=== Begin Enclosure ===
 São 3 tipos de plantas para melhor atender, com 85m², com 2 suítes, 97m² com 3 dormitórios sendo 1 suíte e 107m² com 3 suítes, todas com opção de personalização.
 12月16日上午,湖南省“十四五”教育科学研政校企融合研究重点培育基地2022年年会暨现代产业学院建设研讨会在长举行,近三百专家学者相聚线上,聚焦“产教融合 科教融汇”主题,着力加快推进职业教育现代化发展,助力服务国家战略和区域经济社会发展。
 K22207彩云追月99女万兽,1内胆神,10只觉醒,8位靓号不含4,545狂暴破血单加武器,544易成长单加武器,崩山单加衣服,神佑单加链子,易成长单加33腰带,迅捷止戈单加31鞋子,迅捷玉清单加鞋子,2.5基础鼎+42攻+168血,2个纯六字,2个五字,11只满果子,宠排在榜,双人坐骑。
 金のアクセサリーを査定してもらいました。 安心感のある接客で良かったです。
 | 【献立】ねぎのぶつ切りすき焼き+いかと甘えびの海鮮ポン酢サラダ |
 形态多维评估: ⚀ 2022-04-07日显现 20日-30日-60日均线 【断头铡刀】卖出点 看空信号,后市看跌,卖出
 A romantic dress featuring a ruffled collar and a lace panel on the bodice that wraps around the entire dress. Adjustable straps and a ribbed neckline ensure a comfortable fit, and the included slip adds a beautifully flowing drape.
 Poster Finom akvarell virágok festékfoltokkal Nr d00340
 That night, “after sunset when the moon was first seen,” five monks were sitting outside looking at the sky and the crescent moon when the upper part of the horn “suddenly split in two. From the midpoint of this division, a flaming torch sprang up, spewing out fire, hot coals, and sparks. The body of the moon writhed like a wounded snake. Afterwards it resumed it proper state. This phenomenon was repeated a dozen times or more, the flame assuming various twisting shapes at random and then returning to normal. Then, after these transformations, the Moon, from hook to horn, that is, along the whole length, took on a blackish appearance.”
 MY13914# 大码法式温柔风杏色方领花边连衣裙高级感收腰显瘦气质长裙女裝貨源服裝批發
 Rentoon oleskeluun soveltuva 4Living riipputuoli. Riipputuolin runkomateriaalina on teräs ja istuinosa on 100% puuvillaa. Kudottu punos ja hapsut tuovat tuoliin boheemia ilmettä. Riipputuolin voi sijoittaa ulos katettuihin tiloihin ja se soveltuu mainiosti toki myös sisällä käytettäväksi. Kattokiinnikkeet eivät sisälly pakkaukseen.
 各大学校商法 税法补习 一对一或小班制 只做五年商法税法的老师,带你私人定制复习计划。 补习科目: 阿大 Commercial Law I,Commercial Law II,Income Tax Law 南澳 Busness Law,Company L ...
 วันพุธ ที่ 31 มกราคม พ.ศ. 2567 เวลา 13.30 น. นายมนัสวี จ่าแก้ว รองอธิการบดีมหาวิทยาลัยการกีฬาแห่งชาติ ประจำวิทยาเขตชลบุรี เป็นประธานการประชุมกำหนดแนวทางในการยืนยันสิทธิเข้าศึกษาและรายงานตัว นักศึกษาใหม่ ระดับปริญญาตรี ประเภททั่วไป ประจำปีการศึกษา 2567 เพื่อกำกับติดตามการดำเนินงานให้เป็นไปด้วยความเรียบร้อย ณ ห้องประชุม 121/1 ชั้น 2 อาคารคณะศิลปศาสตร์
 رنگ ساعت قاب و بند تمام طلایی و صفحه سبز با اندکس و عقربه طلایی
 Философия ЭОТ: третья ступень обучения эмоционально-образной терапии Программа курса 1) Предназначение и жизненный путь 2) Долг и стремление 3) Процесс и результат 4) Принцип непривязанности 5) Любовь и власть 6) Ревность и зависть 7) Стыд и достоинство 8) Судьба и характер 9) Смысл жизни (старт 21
=== End Enclosure ===
• Assigned task
Copy every line of the data above, beginning with the first and ending with the line that contains "K22207彩云追月99女万", and give nothing more.

• Written response
 São 3 tipos de plantas para melhor atender, com 85m², com 2 suítes, 97m² com 3 dormitórios sendo 1 suíte e 107m² com 3 suítes, todas com opção de personalização.
 12月16日上午,湖南省“十四五”教育科学研政校企融合研究重点培育基地2022年年会暨现代产业学院建设研讨会在长举行,近三百专家学者相聚线上,聚焦“产教融合 科教融汇”主题,着力加快推进职业教育现代化发展,助力服务国家战略和区域经济社会发展。
 K22207彩云追月99女万兽,1内胆神,10只觉醒,8位靓号不含4,545狂暴破血单加武器,544易成长单加武器,崩山单加衣服,神佑单加链子,易成长单加33腰带,迅捷止戈单加31鞋子,迅捷玉清单加鞋子,2.5基础鼎+42攻+168血,2个纯六字,2个五字,11只满果子,宠排在榜,双人坐骑。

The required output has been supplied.